How this skill works
The skill analyzes existing documentation and produces a prioritized plan: generate developer questions, map those questions to code snippets, and identify coverage gaps. It applies targeted optimizations (complete examples, consolidated snippets, correct language tags, removal of irrelevant metadata) and validates each snippet for runnable quality. For c7score optimizations it calculates before/after metric scores; when requested it also creates an llms.txt file that summarizes project structure for LLM navigation.
When to use it
- You want to optimize README/docs for c7score or Context7 benchmarking.
- You need an llms.txt navigation file so LLMs can find relevant docs quickly.
- You’re preparing documentation for LLM-assisted coding assistants (Claude, Copilot, etc.).
- You want automated quality analysis and actionable fixes for code snippets.

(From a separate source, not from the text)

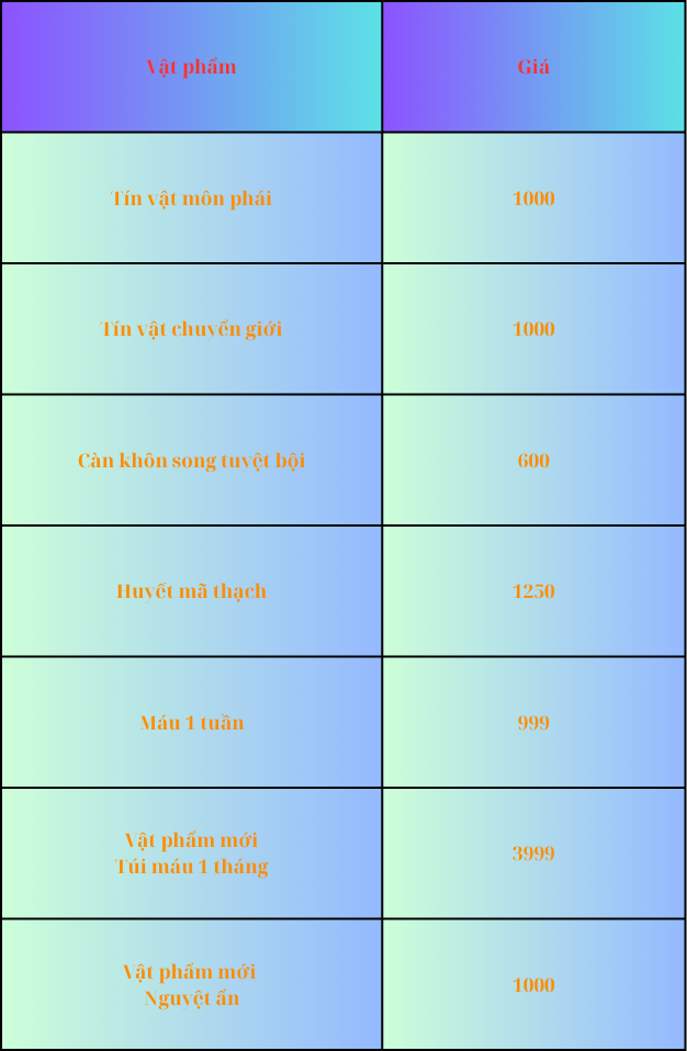 Điều chỉnh giá 1 số vật phẩm để phù hợp hơn với server, mở bán thêm các vật phẩm khác như túi máu 1 tháng, nguyệt ẩn.

- You need README improvements to make examples copy-paste runnable and self-contained.
Best practices
- Prioritize question-driven examples: lead with "How do I..." and provide runnable snippets.
- Keep one lesson per snippet; combine tiny fragments into full workflows.
- Always include necessary imports and setup so examples are copy-paste ready.
- Use correct language tags and TITLE / DESCRIPTION / CODE structure for each snippet.
- Remove noise: licensing blocks, directory trees, and citation entries from main docs.
Example use cases
- Transform an API reference into a Quick Start with runnable Python examples.
- Audit a multi-file docs/ directory to find missing answers for common developer questions.
- Generate an llms.txt for a Python library so LLMs can prioritize Quick Start and Examples.
- Consolidate many small snippets into one comprehensive workflow for a CLI tool.
- Produce a c7score before/after report showing metric improvements after edits.
FAQ
When asked to perform c7score optimization, I will first ask whether you also want an llms.txt; if you confirm, I generate both, otherwise I only optimize the documentation.
Will optimized snippets be runnable without additional context?
Yes. Optimizations aim to make examples self-contained with necessary imports, setup, and minimal configuration so they work when copy-pasted.